● WORK ITEM
Exactly the lines below starting at the line with "antique painted clock" and ending at the line with "현장을 지키며 역량을" are wanted, with both ends included. Leave out the pictures and add no other lines.

● INFORMATION PROVIDED

★ ★ ★

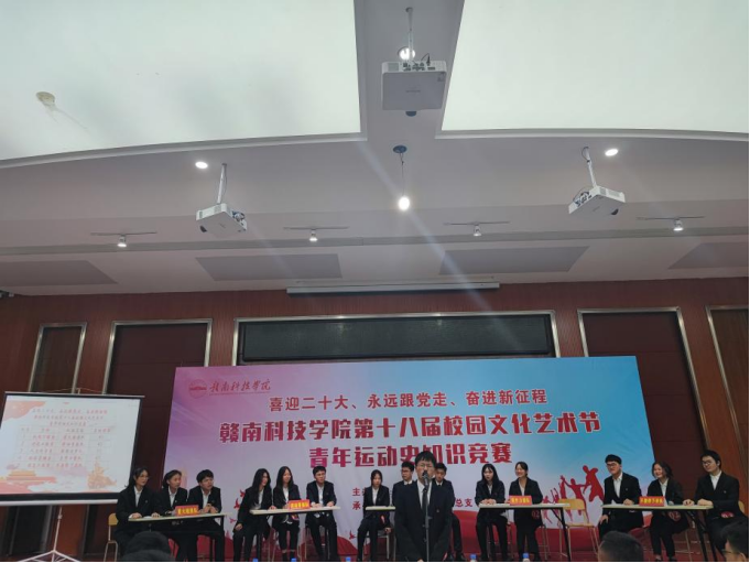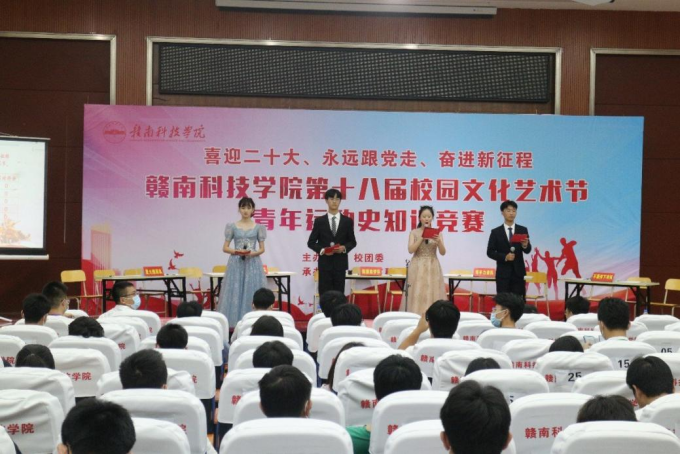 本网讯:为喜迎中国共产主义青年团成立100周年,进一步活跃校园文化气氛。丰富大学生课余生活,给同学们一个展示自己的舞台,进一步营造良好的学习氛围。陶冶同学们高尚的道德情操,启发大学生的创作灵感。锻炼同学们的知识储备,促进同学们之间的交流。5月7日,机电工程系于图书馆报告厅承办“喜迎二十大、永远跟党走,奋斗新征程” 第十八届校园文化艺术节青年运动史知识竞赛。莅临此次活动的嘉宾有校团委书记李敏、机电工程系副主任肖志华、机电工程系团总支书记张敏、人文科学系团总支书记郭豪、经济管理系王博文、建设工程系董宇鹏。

★ ★ ★

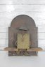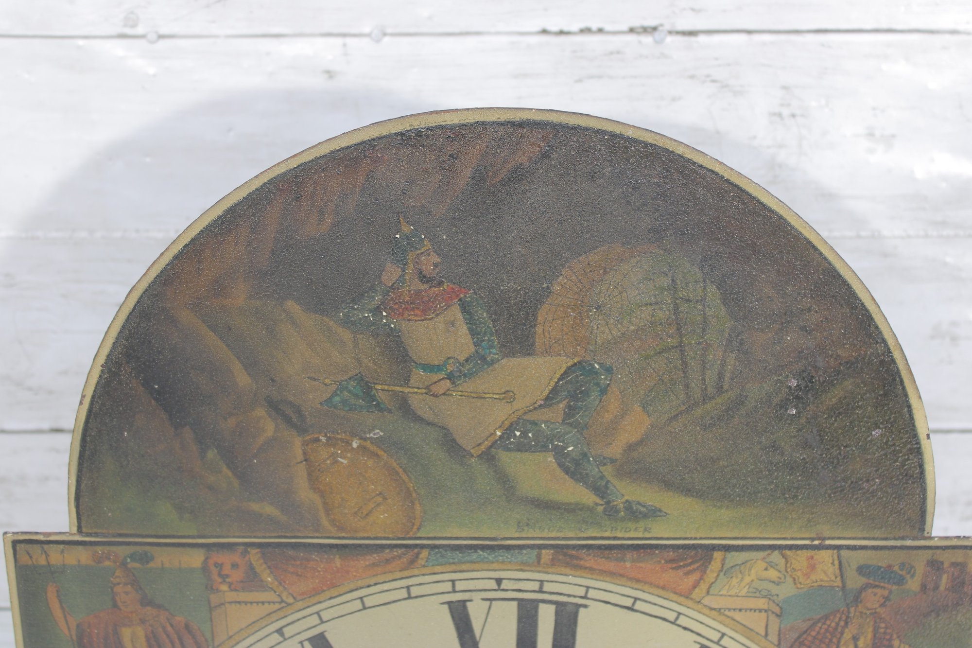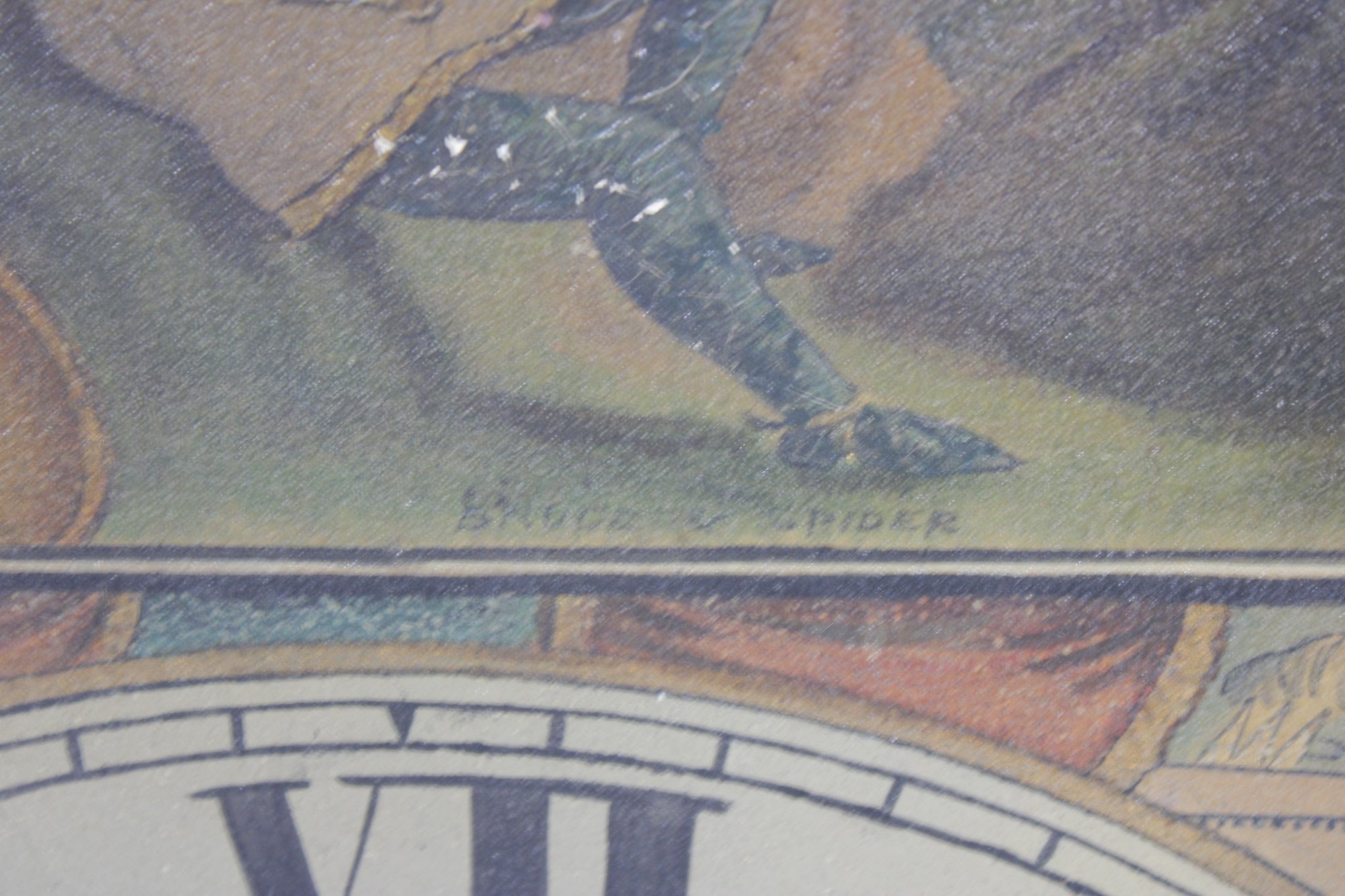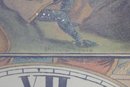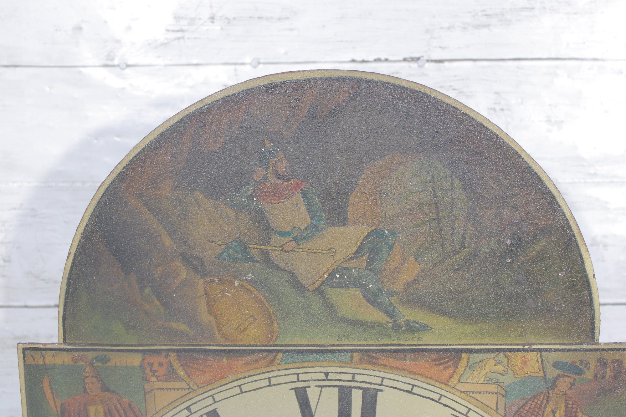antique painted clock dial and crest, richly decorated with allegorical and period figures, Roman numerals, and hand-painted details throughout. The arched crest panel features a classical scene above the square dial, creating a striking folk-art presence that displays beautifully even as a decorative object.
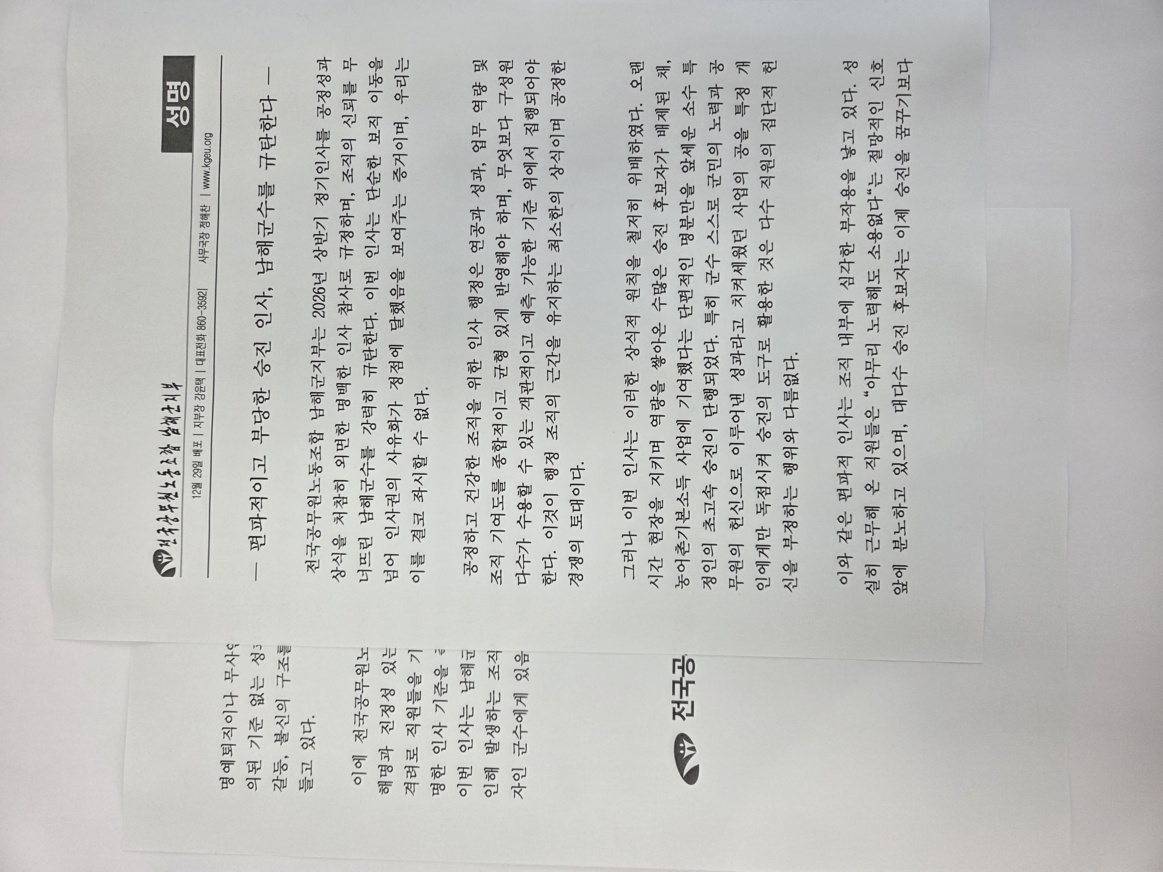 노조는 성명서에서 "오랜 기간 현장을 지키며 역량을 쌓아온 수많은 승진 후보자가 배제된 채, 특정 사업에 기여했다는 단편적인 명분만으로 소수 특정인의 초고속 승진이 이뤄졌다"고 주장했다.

★ ★ ★

● ANSWER SECTION
antique painted clock dial and crest, richly decorated with allegorical and period figures, Roman numerals, and hand-painted details throughout. The arched crest panel features a classical scene above the square dial, creating a striking folk-art presence that displays beautifully even as a decorative object.
 노조는 성명서에서 "오랜 기간 현장을 지키며 역량을 쌓아온 수많은 승진 후보자가 배제된 채, 특정 사업에 기여했다는 단편적인 명분만으로 소수 특정인의 초고속 승진이 이뤄졌다"고 주장했다.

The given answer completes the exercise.